The Akron-based company asked the PUCO on Sept. 24 for permission to suspend the bulk of its efficiency programs at least through 2016, citing the new state rules that took effect just 12 days earlier and arguing that it can meet the currently frozen state standards without the programs.

Those changes in state efficiency standards were contained in Senate Bill 310, which FirstEnergy had lobbied lawmakers hard last spring to approve. The company argued that the programs would raise electric rates. Killing the programs would lower rates, it said.

But in presentations to investors, the company's executives had also said the state rules were interfering with normal market growth, meaning power sales.

Several major industrial customers joined with FirstEnergy to upend the state rules. They argued the programs were costing them too much and that they would have installed more efficient equipment without the state's rules in order to stay competitive. Smaller companies argued just the opposite, that they would not have been able to make upgrades -- and stay competitive -- without the assistance.

FirstEnergy's move to get rid of the bulk of its energy efficiency programs comes at a time when the company is also trying to convince the commission to approve a new three-year rate plan that would commit its Ohio distribution companies to buy power for 15 years from two of its large, old power plants rather than rely completely on currently less-expensive power sold on wholesale markets.

Under this instantly controversial proposal also pending before the PUCO, the Illuminating Co., Ohio Edison, and Toledo Edison would have to buy all of the output, at whatever the cost, from the Davis-Besse nuclear power plant near Toledo and the coal-fired W.H. Sammis power plant on the Ohio River about 13 miles north of Steubenville.
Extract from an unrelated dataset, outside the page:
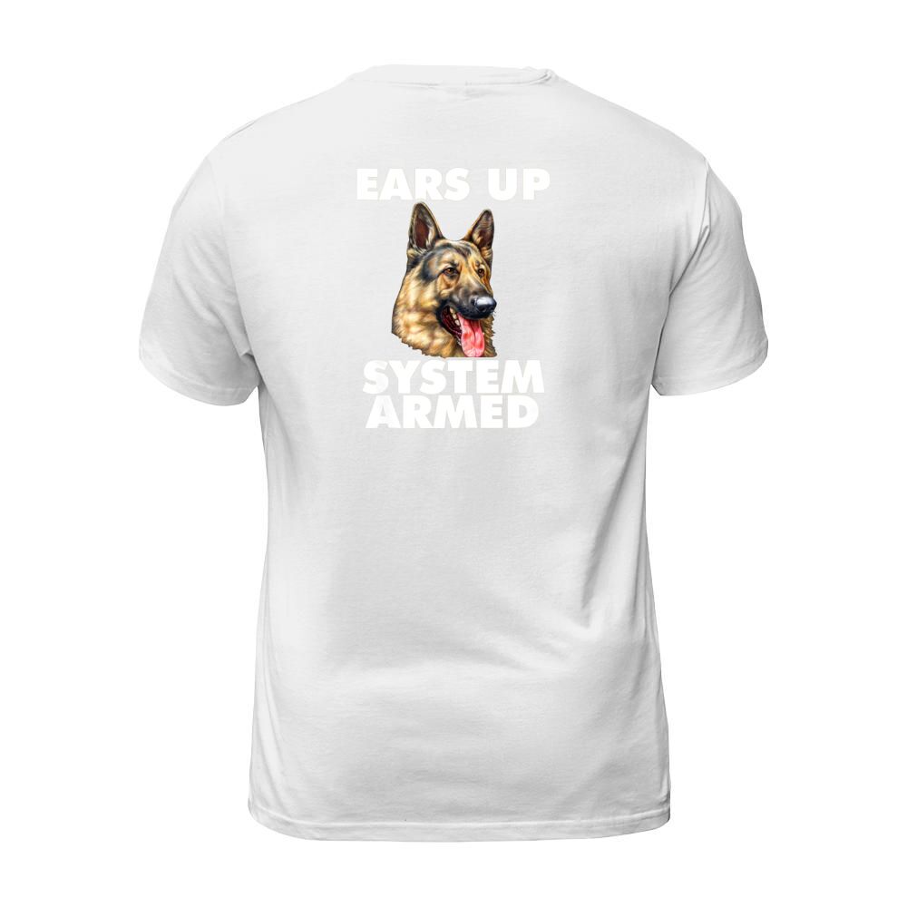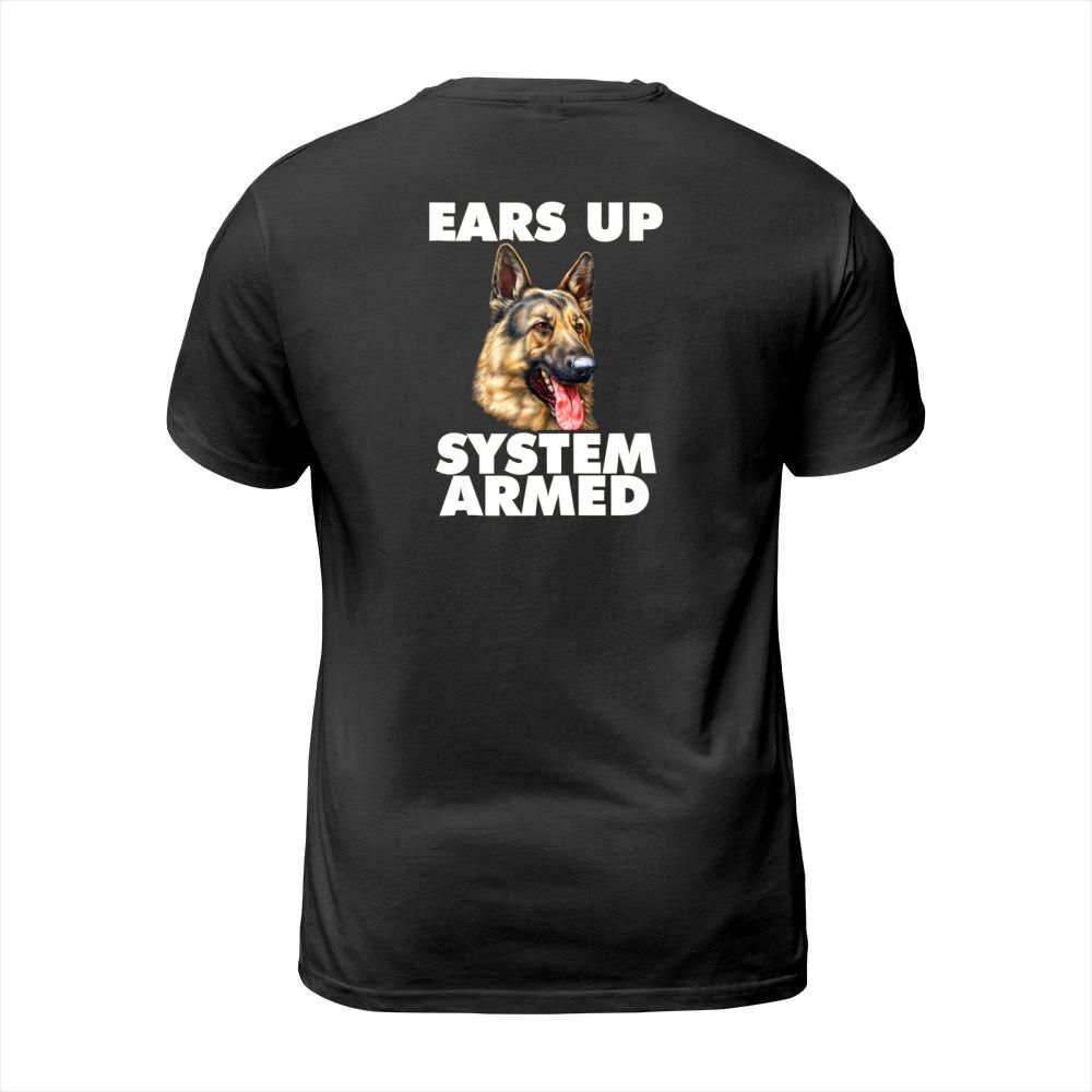 Shop German Shepherd Ears Up System Armed T-Shirt Unisex custom made just for you. Available on many styles, sizes, and colors.

The purchase agreement would work this way: After buying the power, the three distribution companies would re-sell it into wholesale markets -- absorbing any losses or, FirstEnergy argues, profiting in future years when wholesale power prices rise. The company has argued that during the 15-year agreement, the deal would save customers up to $2 billion. Opponents have questioned that.

In other words, opponents have countered, FirstEnergy would have the benefits of old-fashioned regulated prices for these two uncompetitive power plants while its entire fleet of power plants would remain unregulated by the state.

In sworn testimony, company executives have told the Commission that without the deal, the company could be forced to close Sammis and Davis-Besse because they cannot compete against modern, gas-fired power plants. They said they expect wholesale market prices eventually to increase significantly, in which case, the Ohio companies buying Davis-Besse and Sammis power would be getting a deal.

Together, Davis-Besse and Sammis have cost the company billions of dollars in safety and pollution control upgrades -- money spent that now would have to be shouldered by rate payers to cover the cost of the more expensive electricity they generate, opponents have countered.

A company spokesman, in an email Thursday, noted that the power purchase agreements would be subject to a "prudence reviews" and that the company would annually submit costs to the PUCO for review.